Admitting that this Bodo peace accord is unique in that it is the first peace agreement in the Northeast where all the existing insurgent groups in a particular area have put their signatures, with a joint commitment to end violence and strive for progress and development, the Absu president however said, “The onus is on the government to ensure that arms conflict is brought to an end effectively. No one should be allowed to take arms again. If it comes to notice now, the government will have to act firmly against such forces.”
Apart from more legislative, executive, administrative and financial powers, the Bodo Accord has decided to demarcate the border of the Bodoland Territorial Area (BTR). A commission headed by a retired judge will work out a mechanism for inclusion of villages with a majority tribal population, contiguous to the present Bodoland Territorial Council area, into BTR. Similarly, villages with a majority non-tribal population currently under the Bodo Council, but contiguous to non-Sixth Schedule areas (meaning areas outside the Council jurisdiction), will be excluded from the Council. This is expected to address the issues of both tribal currently outside the Bodo Council as well as non-tribal currently living within the Council.
Again, from 40 seats, the BTR Council will now have 60 seats. Up to 16 of these 60 seats could be open seats, meaning seats where non-tribal can also contest elections. Besides, there will be six nominated members in the BTR Council, including two women members and two from unrepresented communities. Thus the new Bodo Accord is going to address the grievances of non-tribal as well. The experts say that this was lacking in earlier two accords.
The other significant provisions of the new accord is the decision to set up a Bodo-Kachari Welfare Council for ‘development’ of Bodo villages located outside the Bodo Council area, and declaring Bodo language in Devnagri script as an associate official language of Assam. Besides, measures for protection of the Bodo language and culture and setting up several institutions of higher and technical education have also been provided in the accord.
The new Bodo accord has also created a political polarisation in the state.
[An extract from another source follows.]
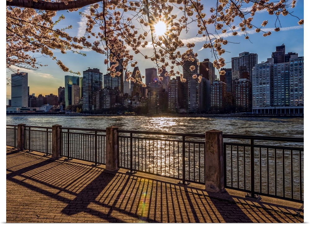<p>Sun setting behind cherry blossoms (Kwanzan Prunus serrulata) with a view of the Manhattan skyline, viewed from Roosevelt Island; New York, United States of America</p>

The All Bodo Students Union is going to hold a mega consultation with civil society groups from February 12 to decide their future course of action after the Bodo Accord, said Mr Boro adding, “We are going to consult all the stakeholders including the leaders of all the NDFB factions.” He however did not rule out the possibility of challenging the present political leadership of Bodoland Territorial Area in the forthcoming elections of the council this year in April.